Говорили на днях о Сперанском, не в гостиной, потому что Е.А. Карамзина сохраняет о нем добрую память за то, что с ним был хорош ее муж, который, впрочем, не разделял его идей. Пушкин назвал графа Сперанского поповичем, превратившимся в лютеранского пастора. А Полетика сказал на это:
– Это законник, начавший свое поприще семинаристом. Семинарист был напичкан идеями протестантов, а законник – идеями мартинистов, и это отозвалось на его своде законов.
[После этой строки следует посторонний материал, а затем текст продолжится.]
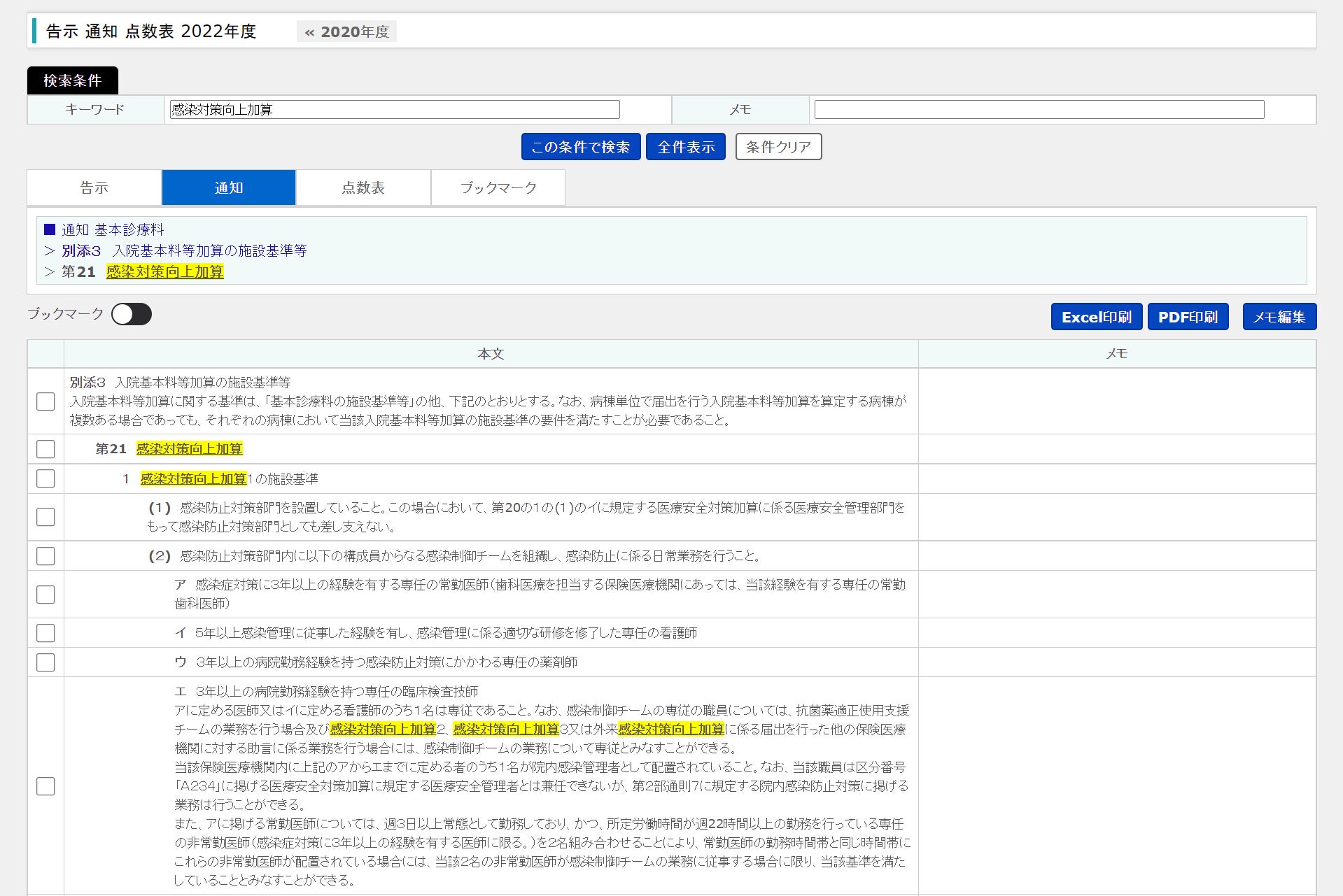 2022年度「告示」「通知」「点数表」の検索・閲覧およびExcel及びPDFでの出力ができるようになりました。

Полетика сказал, что Чаадаев, этот Брут-Перикл, превращается во французского эмигранта, на что Пушкин заметил:
– Он честный и порядочный человек, и я его очень люблю. Но это Алкивиад, находящий счастье в удовлетворении своего честолюбия. Быть может, это еще счастье, что честолюбие может ублаготворить сорокалетнего человека. Можно позавидовать ему.
Полетика сказал:
– У Чаадаева есть что-то удовлетворенное даже в лице.
Пушкин отвечал:
– Вид у него самодовольный, но, в сущности, он не таков; только он видит в Москве такое множество лиц менее образованных и менее начитанных, чем он сам, что это дает ему тон учителя, так как он знает в сто раз больше, чем те, кого он постоянно видит. В этом отношении он немножко Чацкий, он путешествовал в то время, как другие не двигались с места; он путешествовал больше других и в области книг. Уж, конечно, не «Телескоп», не «Телеграф» и не «Московские обозрения» могут служить ему литературным развлечением. У него есть несколько друзей, и когда Тургенев бывает в Москве, он доволен. Желал бы я знать, чего ради он водворился на берегах Москвы и Яузы.
Полетика отвечал:
– Быть первым в деревне вместо того, чтобы быть вторым в Риме, не это ли причина? В Петербурге он не был бы единственным салонным оратором. В Москве во все времена существовал свой патентованный оратор…
…Пушкин, как и Байрон, очень любит Книгу Иова и восхищался раз славянским текстом (действительно прекрасным) в присутствии одной дамы, которую это коробило и которая сказала ему:
– Вы говорите о слоге. Признаюсь, я нахожу это недостойным православного. Не это важно в Писании, и, по-моему, кощунство сметь (sic) говорить о слоге.
Поэт Глинка, мистический поэт, которого Пушкин прозвал справедливым Аристидом, видя, что Пушкин улыбнулся, вмешался в разговор.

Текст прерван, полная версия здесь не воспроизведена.